Harry Potter: O sucesso da saga que conquistou o mundo

Fernando Giovanetti  - 06 de maio 2021 ás 22h12

O sucesso de Harry Potter é algo com o qual todos estão acostumados. Afinal, as aventuras do jovem bruxo proporcionaram livros, filmes, roupas, colecionáveis, parques temáticos e outros tantos produtos que surgiram dessa franquia milionária e que continua cativando os fãs ao redor do mundo.

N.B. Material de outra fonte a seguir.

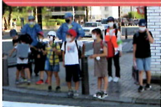
大江小学校校区で子供見守り活動を実施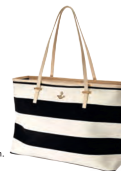
Classica Nautica táska Mérete: 35x15x27 cm. 29484 7999,-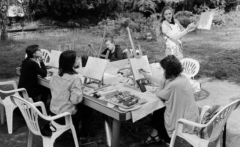
Malworkshop im Grünen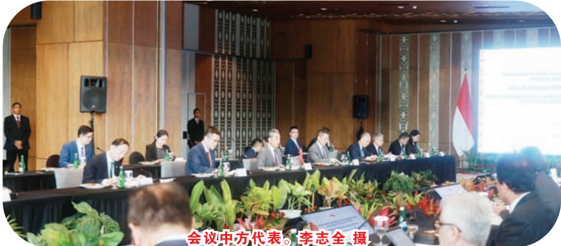
会议中方代表。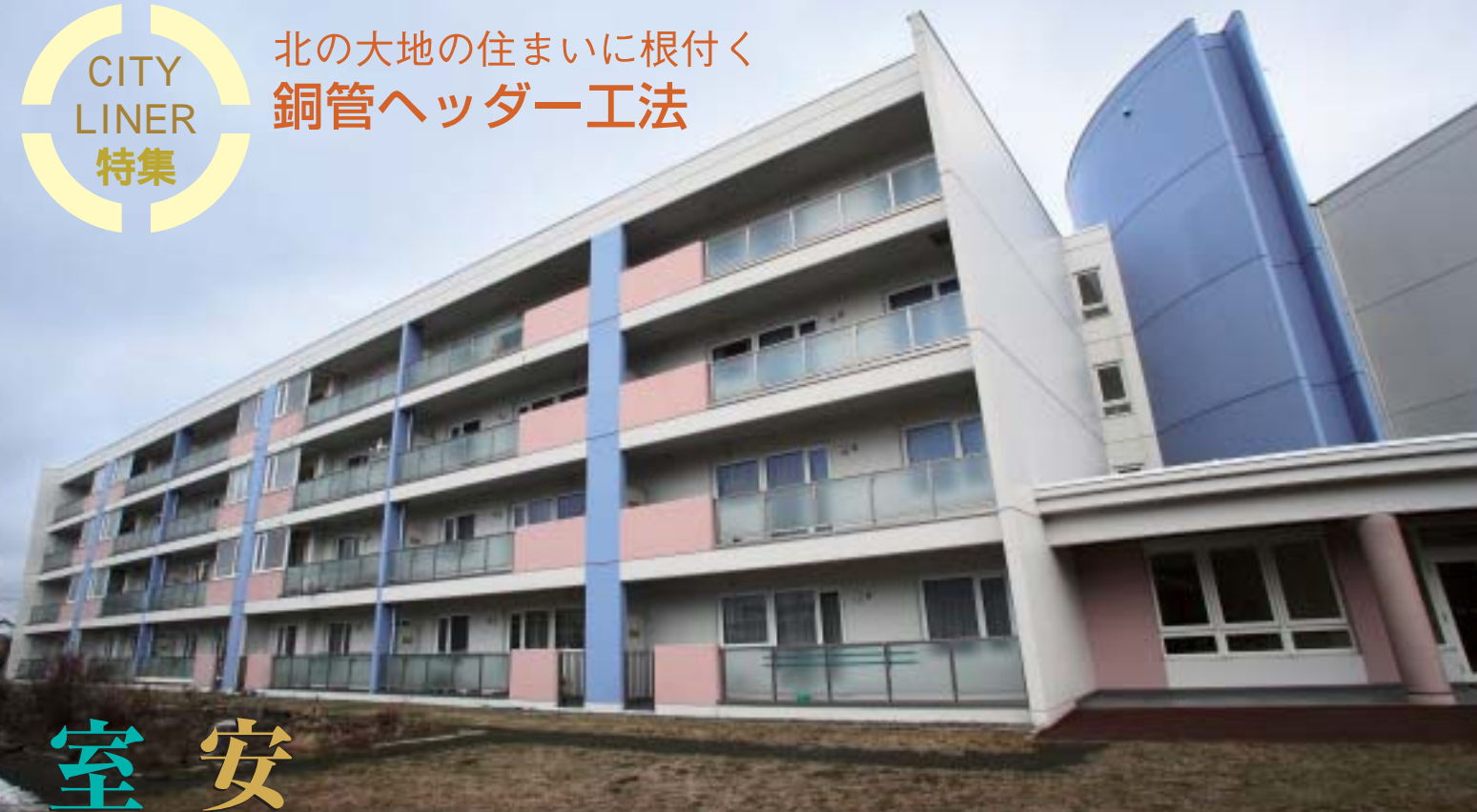
安平町追分南公営住宅

北海道は、給水・給湯配管の銅管使用率が非常に高い場所です。銅管の特性への理解も深く、つねに最新の施工方法などを積極的に取り入れられ、さらに北海道という厳しい気候・風土の中で独自の創意工夫を行われた非常に参考になる事例が多い土地でもあります。そんな北海道の住宅で銅管ヘッダー工法は、どのように活かされているのでしょうか。今回、私たちが訪れたのは、勇払郡安平町と室蘭市。そこで公営住宅、戸建住宅に採用される銅管ヘッダー工法の現場をレポートします。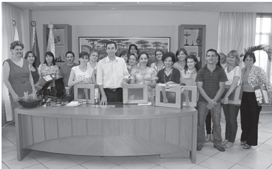
Professores recebem notebooks no gabinete do prefeito ontem à tarde.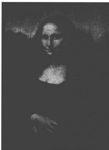
图 1.5 蒙娜丽莎 达·芬奇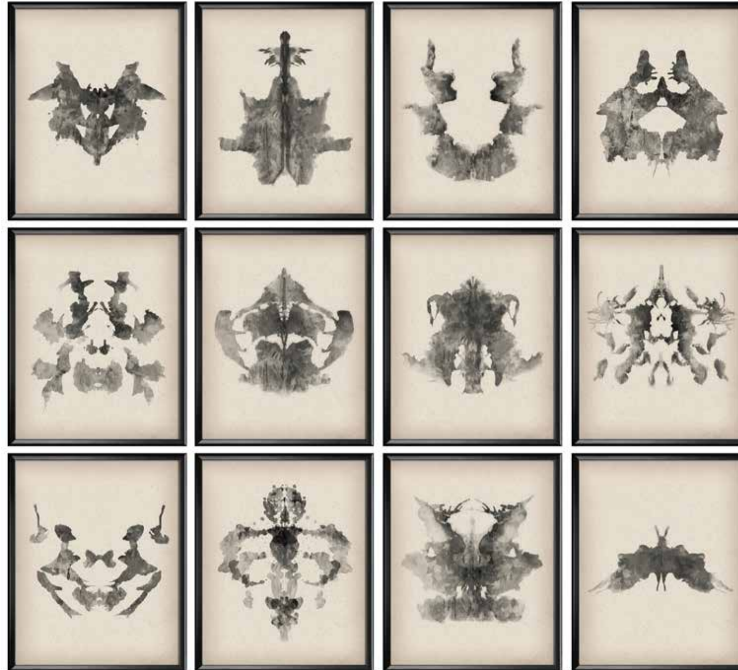
De inktvlektest van Hermann Rorschach (1884-1922), een van de behandelingen die tegenwoordig nog in afgeslakte vorm wordt ingezet

'Het zijn charismatische figuren die veel mensen achter zich weten te krijgen, met een groot formaat ego. Ze hebben een zucht naar erkenning, roem en soms ook geld. Maar ze wilden ook mensen helpen. Sommigen waren daarin onvermoeibaar.'

Tudo isso se deve ao trabalho de Joanne Rowling — ou J.K. Rowling, como é mundialmente conhecida —, considerada a escritora mais bem-sucedida financeiramente da história.

Mas nem sempre as coisas foram assim. Que tal conhecer um pouco da trajetória da escritora e do sucesso que se transformou a saga Harry Potter?

A jornada de J.K. Rowling

Assim como o jovem Harry, a história de Joanne Rowling não foi nada fácil.

Antes de ser a grande escritora que conhecemos hoje, a britânica de 55 anos passou por inúmeras dificuldades, que serviriam de inspiração para muitos acontecimentos na história de Harry Potter.

Em 1990, em uma viagem de trem, Joanne teve sua primeira conexão com o universo do bruxo em sua cabeça. Porém, sem papel para anotar a ideia, precisou guardá-la em sua cabeça até chegar a seu destino para que pudesse transcrevê-la.

Ainda no mesmo ano, já com alguns capítulos de Harry Potter e a Pedra Filosofal escritos, Rowling perdeu a mãe e teve que se mudar de Londres, indo morar em Portugal. Foi onde conheceu seu primeiro marido, em 1993, com quem teve uma filha.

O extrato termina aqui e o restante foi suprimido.